Burgemeester en wethouders zijn bevoegd ter plaatse van de aanduiding 'karakteristiek' bij de toepassing van de bouwregels nadere eisen te stellen. Deze nadere eisen dienen betrekking te hebben op:

  1. de gevelindeling van gebouwen;

  2. de situering en omvang (lengte-, breedte- en hoogteverhouding) van nieuw op te richten bebouwing;

  3. de nokrichting van de kappen van gebouwen,

teneinde een verantwoorde stedenbouwkundige samenhang van de bebouwing onderling te verzekeren.

19.4 Afwijken van de bouwregels

  1. Burgemeester en wethouders kunnen bij een omgevingsvergunning afwijken van het bepaalde:

    1. onder 19.2.1 onder d, met dien verstande dat ten behoeve van de bouw van een rijenwoning tot in de perceelsgrens mag worden gebouwd;

    2. onder 19.2.1 onder f ten behoeve van het toestaan van afwijkende dakvormen, mits toepassing van deze afwijking niet leidt tot een onevenredige aantasting van de bebouwingskarakteristiek van de omgeving;

    3. onder 19.2.2 onder a, met dien verstande dat:

      1. bij woningen met een bouwperceel tot en met 300 m2 een maximale gezamenlijke oppervlakte aan bijbehorende bouwwerken van 80 m2 is toegestaan;

      2. bij woningen met een bouwperceel groter dan 300 m2 een maximale gezamenlijke oppervlakte aan bijbehorende bouwwerken van 30% van de oppervlakte van het buiten het bouwvlak gelegen bouwperceel is toegestaan tot een maximum van 150 m2;

    4. onder 19.2.2 onder b, met dien verstande dat ten behoeve van een opbouw de bouwhoogte van een aangebouwd bijbehorend bouwwerk mag worden vergroot tot de bouwhoogte van het hoofdgebouw, verminderd met 1,5 m.

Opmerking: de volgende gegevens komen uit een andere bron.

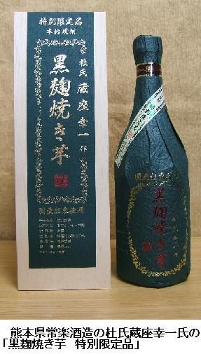 熊本県常楽酒造の杜氏蔵座幸一氏の極みの一品でどこにも売ってないほどのレアな限定品だという。国産の中でも特に原料に拘り、焼き芋に使われる紅東を使い、蒸さずに焼いて香ばしい香りと甘さが絶妙にバランス よく出来ていてのど越し良く、余韻も十分に味わえる拘りの一品だという。
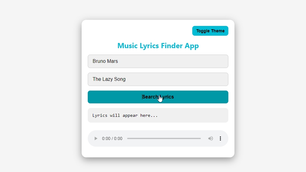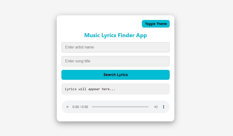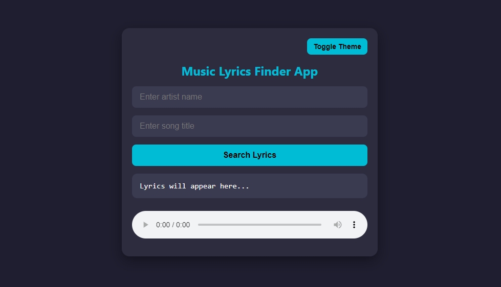 The Music Lyrics Finder App Using VanillaJS is a simple yet powerful web application designed to help users quickly find the lyrics of their favorite songs. Built entirely with VanillaJS, the app allows users to enter the artist's name and song title, then fetches the corresponding lyrics from an online API in real-time. The interface is clean and user-friendly, ensuring that users can access the lyrics without any distractions. Beyond its practical use, the project serves as an excellent learning opportunity for beginners and intermediate developers to strengthen their skills in DOM manipulation, event handling, and working with asynchronous JavaScript. Additionally, it demonstrates how to integrate external APIs, handle user input efficiently, and display dynamic content on a web page, making it both a functional tool and a valuable educational project.

  2. De in sub a genoemde afwijking wordt slechts verleend, indien geen onevenredige aantasting plaatsvindt van:

    1. het straat- en bebouwingsbeeld;

    2. de woonsituatie;

    3. de sociale veiligheid;

    4. de verkeersveiligheid;

    5. de fysieke en externe veiligheid;

    6. de gebruiksmogelijkheden van aangrenzende gronden.

19.5 Specifieke gebruiksregels

Onder strijdig gebruik met deze bestemming wordt begrepen het gebruik dat afwijkt van de bestemmingsomschrijving, waaronder in ieder geval wordt begrepen het gebruik:

  1. van vrijstaande bijbehorende bouwwerken voor zelfstandige bewoning;

  2. van de gronden als standplaats voor kampeermiddelen;

  3. van de gronden en bouwwerken voor aan huis verbonden beroep of bedrijf indien de gronden niet zijn gelegen ter plaatse van de aanduiding 'bedrijf aan huis'.

19.6 Afwijken van de gebruiksregels

Burgemeester en wethouders kunnen bij een omgevingsvergunning afwijken van het bepaalde onder lid 19.5 sub c voor het gebruik van woningen met bijbehorende bouwwerken voor de uitoefening van een aan huis verbonden beroep of bedrijf, wanneer aan de volgende regels wordt voldaan:

  1. ten hoogste 25% van de aanwezige vloeroppervlakte van de woning en bijbehorende bouwwerken, tot een maximum van 40 m², mag worden aangewend ten behoeve beroeps- en bedrijfsmatige activiteiten aan huis als genoemd in de lijst beroep en bedrijf aan huis zoals opgenomen in BIJLAGE 3 Lijst beroep en bedrijf aan huis, dan wel beroeps- en bedrijfsmatige activiteiten die naar aard en omvang gelijk te stellen zijn met de in deze lijst genoemde activiteiten;

  2. behoudens productiegebonden detailhandel, is detailhandel niet toegestaan;

  3. behoudens Bed&Breakfast, is horeca niet toegestaan;

  4. het gebruik brengt geen onevenredige parkeerdruk of verkeersoverlast met zich mee;

  5. het gebruik is zowel naar aard als voor wat betreft de visuele aspecten met het woonkarakter in overeenstemming;

  6. de woonfunctie blijft in overwegende mate gehandhaafd.

19.7 Omgevingsvergunning voor het slopen van een bouwwerk

  1. Het is verboden op de gronden ter plaatse van de aanduiding 'karakteristiek' zonder of in afwijking van een omgevingsvergunning gebouwen geheel of gedeeltelijk te slopen;

  2. Het bepaalde in sub a is niet van toepassing indien en voorzover het een beschermd monument of een gebouw gelegen in beschermd stadsgezicht betreft;

  3. Het geheel of gedeeltelijk slopen is slechts toelaatbaar indien door de daarvan direct of indirect te verwachten gevolgen de cultuurhistorische waarden niet onevenredig worden of kunnen worden geschaad, de mogelijkheden voor het herstel van die waarden niet onevenredig worden of kunnen worden geschaad dan wel ter voorkoming van gevaar.